** Study material **
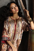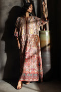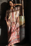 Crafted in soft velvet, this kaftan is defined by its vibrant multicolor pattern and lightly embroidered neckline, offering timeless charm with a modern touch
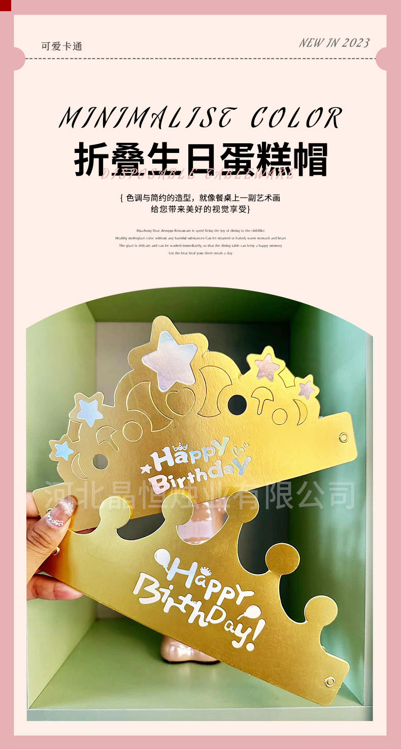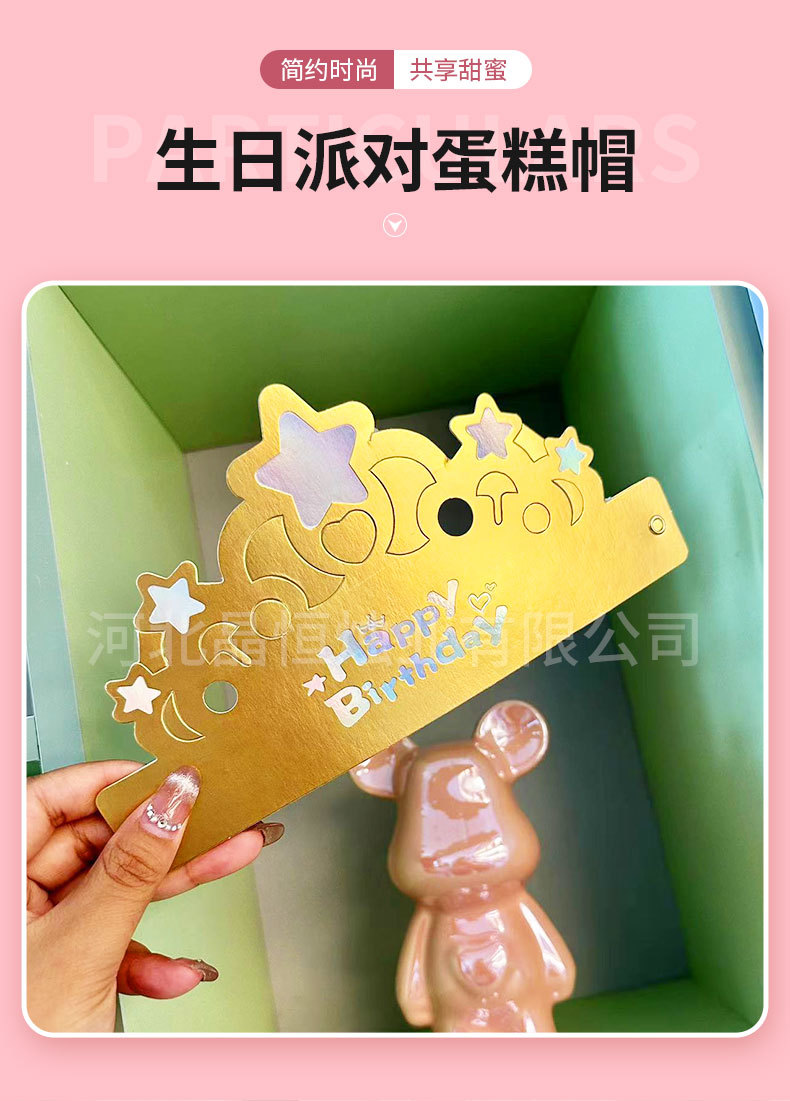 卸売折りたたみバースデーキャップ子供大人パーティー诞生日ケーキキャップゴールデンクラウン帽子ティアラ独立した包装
==
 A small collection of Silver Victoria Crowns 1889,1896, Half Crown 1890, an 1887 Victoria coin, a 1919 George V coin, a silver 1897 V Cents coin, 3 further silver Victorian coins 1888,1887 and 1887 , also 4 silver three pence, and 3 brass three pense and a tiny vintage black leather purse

** What you have to do **
In the data above, retype only the stretch from the line with "Crafted in soft" through the line with "卸売折りたたみバースデーキャ", word for word, and skip any pictures.

** Task solution **
 Crafted in soft velvet, this kaftan is defined by its vibrant multicolor pattern and lightly embroidered neckline, offering timeless charm with a modern touch
 卸売折りたたみバースデーキャップ子供大人パーティー诞生日ケーキキャップゴールデンクラウン帽子ティアラ独立した包装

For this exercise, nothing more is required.